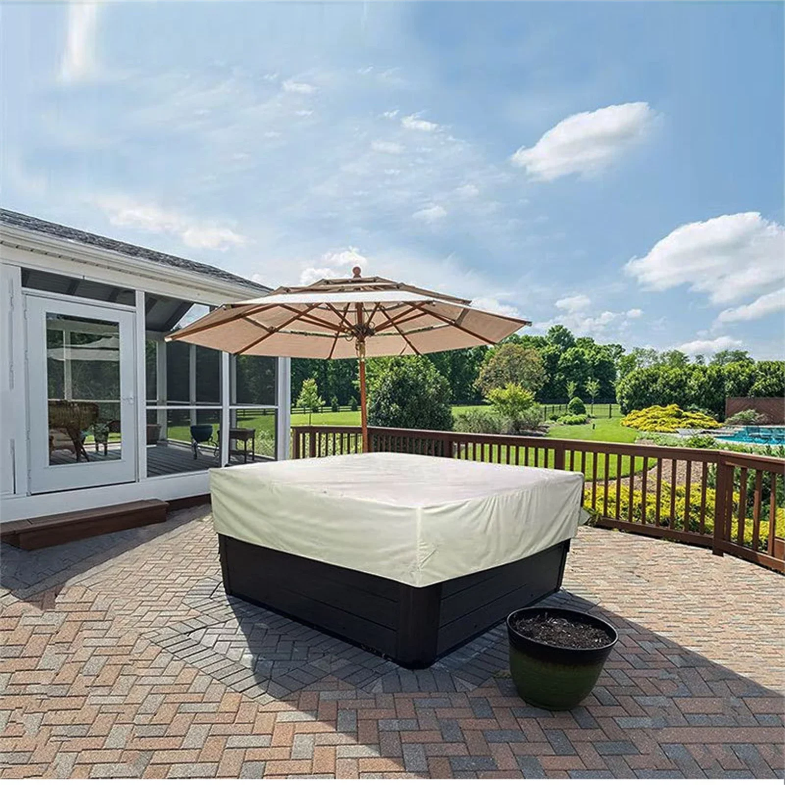 L’ourlet à cordon réglable offre un ajustement personnalisable, garantissant une sécurité exceptionnelle même dans des conditions venteuses. Cette couverture convient à différents jacuzzis en raison de sa taille carrée.
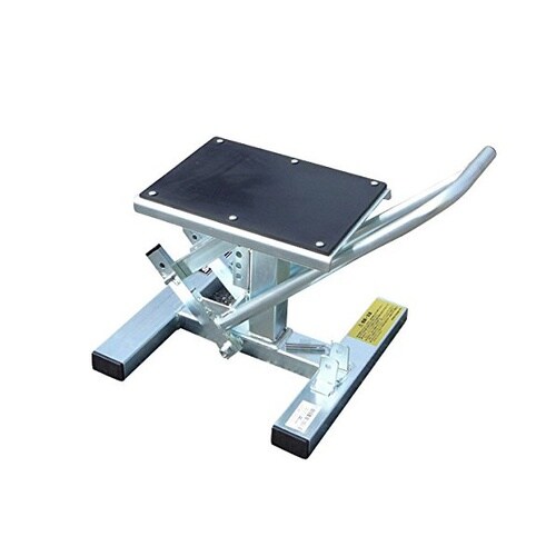 オフロード車やトライアル車に対応したメンテナンススタンド。軽量で持ち運びやすく、整備や保管時に便利な設計。 |
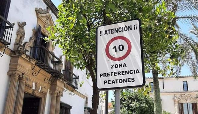 Alguanas señales de tráfico del casco histórico de Jerez indican que los vehículos deben reducir su velocidad a 10 kilómetros por hora al tratarse de una zona de preferencia para los peatones. Esta señaléctica lleva años formando parte del mobiliario urbano del centro, sin embargo, nadie se ha percatado de que el texto reproducido contiene un error ortográfico.
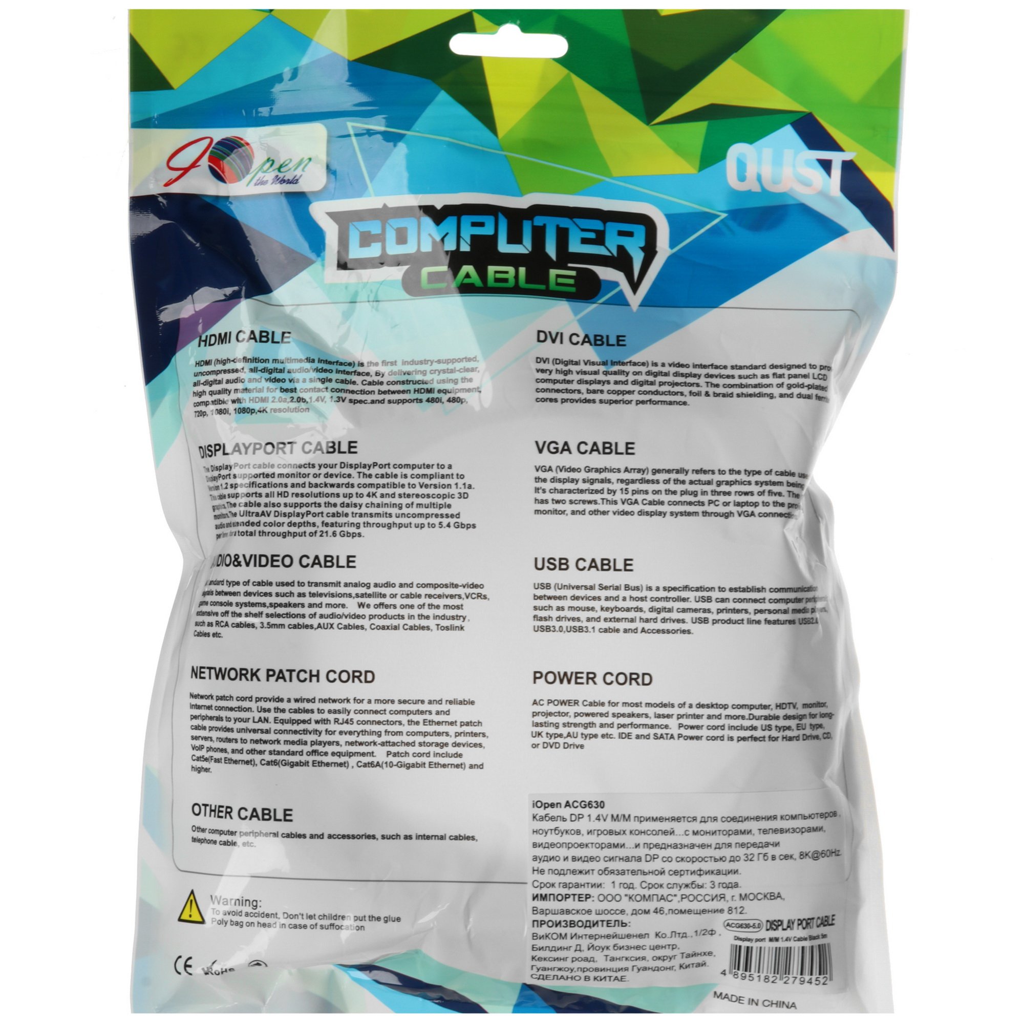 Кабель iOpen DisplayPort - DisplayPort, 5 м в сером цвете служит для соединения устройств с разъемом DisplayPort к устройствам c DisplayPort разъемом. Длина кабеля 5 метров позволяет разместить устройства на необходимом расстоянии друг от друга. Версия 1.4 гарантирует поддержку разрешения 7680x4320 и частоту обновления 60 Гц. Оплетка кабеля выполнена из ткани и защищает его от механических повреждений. Цифровой двунаправленный сигнал обеспечивает передачу данных в обоих направлениях без потери качества. Пропускная способность кабеля iOpen DisplayPort - DisplayPort, 5 м составляет 32 Гб/сек и позволяет смотреть фильм в формате 8К без задержки и потери качества. Кабель предназначен для соединения мониторов, проекторов, телевизоров и других устройств с поддержкой DisplayPort.
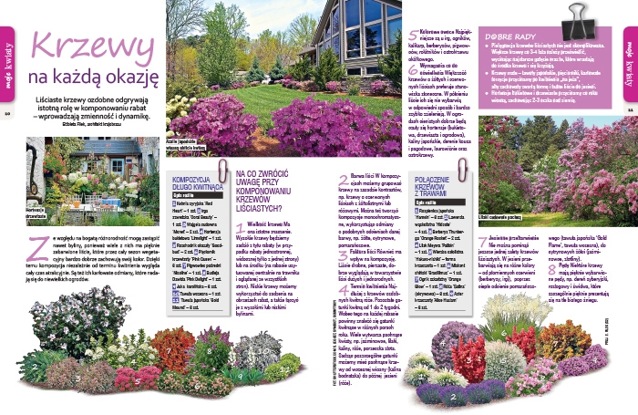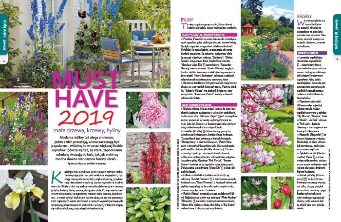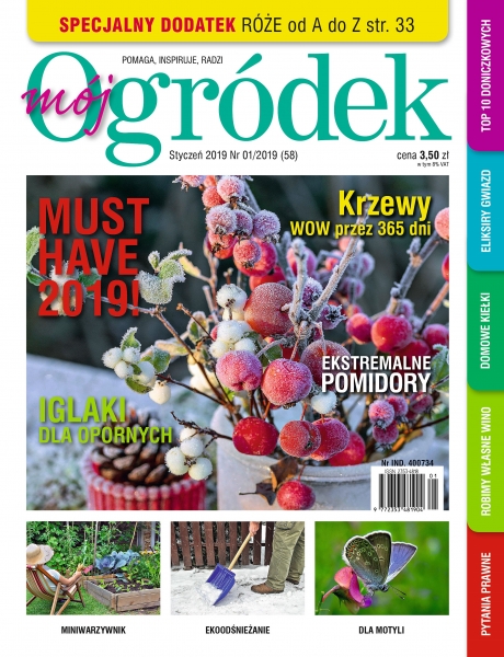 W styczniowym numerze znaleźć można kontynuację Gatunków dla opornych, czyli dla tych, którzy z jakiś przyczyn jeszcze mało wiedzą o roślinach, oraz mają mało czasu na prace ogrodnicze, a chcą aby ich działka była piękna przez cały sezon. W tym wydaniu polecamy krzewy iglaste – zawsze modne i chętnie sadzone na działkach.
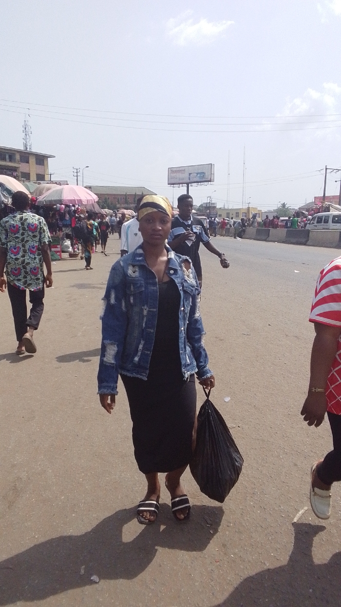 A woman stands in a street, wearing a black dress and a distressed denim jacket, holding a black plastic bag. Her head is wrapped in a gold and black patterned scarf. She is wearing striped sandals. A busy outdoor market with people, stalls, and buildings fills the background. A large billboard is visible in the distance. The street surface appears worn and dusty.
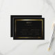 Black & Metallic Gold Wedding RSVP Response Card. Dinner Options. Black back.
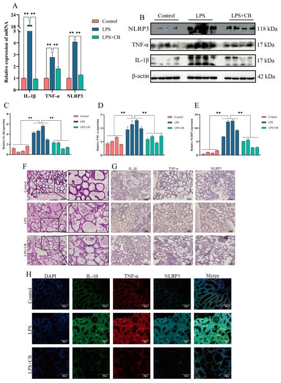 The effect of CB on the pathological damage of mammary gland in mice with LPS-induced mastitis and the effect of CB on the expression of inflammatory cytokines and the activation of NLRP3 inflammasome in mice with LPS-induced mastitis. (A) qPCR was used to detect the expression of inflammatory cytokines IL-1β, TNF-α, and NLRP3 inflammasome mRNA levels. (B–E) Western blot was used to detect the expression of inflammatory cytokines IL-1β, TNF-α, and NLRP3 inflammasome protein levels. (F) HE was used to observe the effect of CB on the pathological damage of mammary gland tissue in mice with LPS-induced mastitis. Scale bar: 100 μm (black line segment). (G,H) IHC and IF were used to detect the expression of inflammatory cytokines IL-1β, TNF-α, and NLRP3 inflammasome protein. Scale bar: 90 μm (white line segment),100 μm (black line segment). **, p < 0.01.
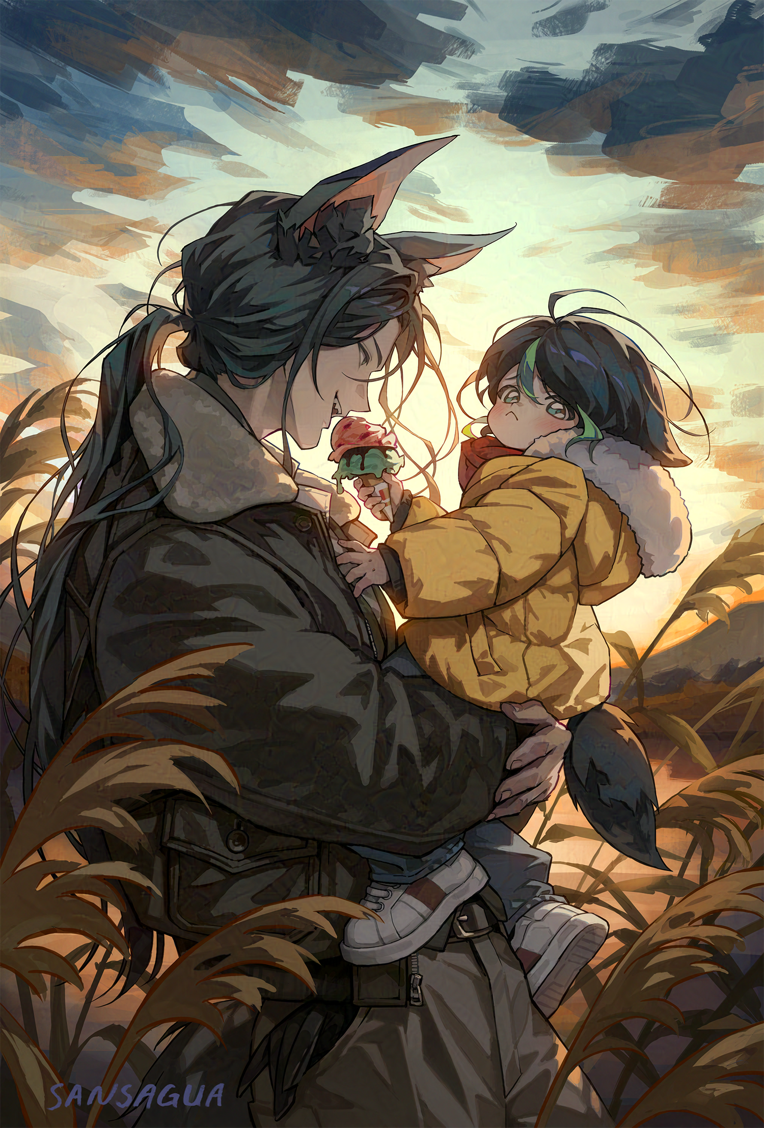 2boys aged_down alternate_costume animal_ear_fluff animal_ears artist_name black_hair black_jacket black_tail blush closed_eyes closed_mouth food fox_boy fox_ears fox_tail frown fur-trimmed_hood fur-trimmed_jacket fur_trim genshin_impact green_eyes green_hair hair_between_eyes highres holding holding_ice_cream_cone hood hooded_jacket hoodie ice_cream ice_cream_cone jacket long_hair long_sleeves male_focus multicolored_hair multiple_boys open_mouth ponytail sansaguaart short_hair smile streaked_hair tail tighnari's_father_(genshin_impact) tighnari_(genshin_impact) yellow_hoodie yellow_jacket
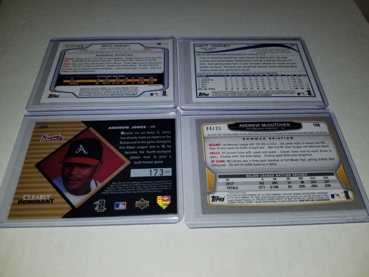 1998 Andruw Jones Clearly Dominant /250 (it still has the original removable protective peal, thus not the clearest picture). Andrew McCutchen is /25. Harevy green is /99, Gold is /2014. Whole lot is $36. Last edited by metsdotkom9; 03-08-2020 at 02:29 PM. |

★ ★ ★ ★ ★

YOUR INSTRUCTIONS ▸
Return only the lines running from the start of the entries above to the line that contains "オフロード車やトライアル車に", inclusive, and omit every picture.

RESPONSE TO THE EXERCISE ▸
 L’ourlet à cordon réglable offre un ajustement personnalisable, garantissant une sécurité exceptionnelle même dans des conditions venteuses. Cette couverture convient à différents jacuzzis en raison de sa taille carrée.
 オフロード車やトライアル車に対応したメンテナンススタンド。軽量で持ち運びやすく、整備や保管時に便利な設計。 |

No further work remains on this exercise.